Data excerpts
----------

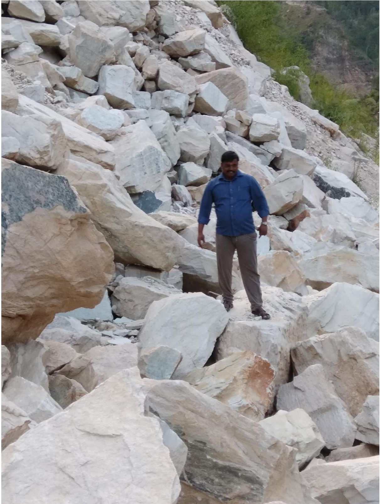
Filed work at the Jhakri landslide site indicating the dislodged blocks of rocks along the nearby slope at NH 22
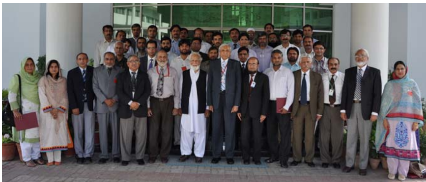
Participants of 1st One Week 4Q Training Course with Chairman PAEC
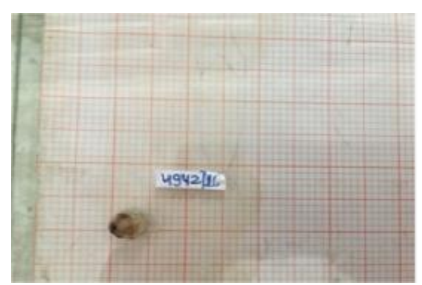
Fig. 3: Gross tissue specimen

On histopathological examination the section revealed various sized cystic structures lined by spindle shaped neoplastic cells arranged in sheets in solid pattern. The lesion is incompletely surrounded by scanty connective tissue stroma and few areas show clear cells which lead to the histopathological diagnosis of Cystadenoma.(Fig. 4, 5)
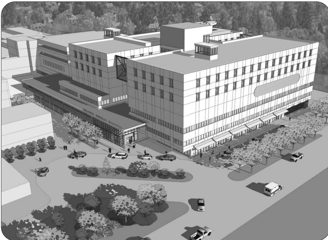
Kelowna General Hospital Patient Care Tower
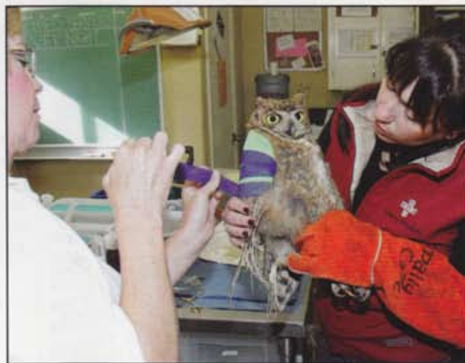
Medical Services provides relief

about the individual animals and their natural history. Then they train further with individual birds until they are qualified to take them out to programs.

----------

### Exercise brief
Only the lines from the one containing "Kelowna General Hospital Patient Care Tower" through the end of the data above are to be output, exactly and without pictures.

### Your response
Kelowna General Hospital Patient Care Tower
Medical Services provides relief

about the individual animals and their natural history. Then they train further with individual birds until they are qualified to take them out to programs.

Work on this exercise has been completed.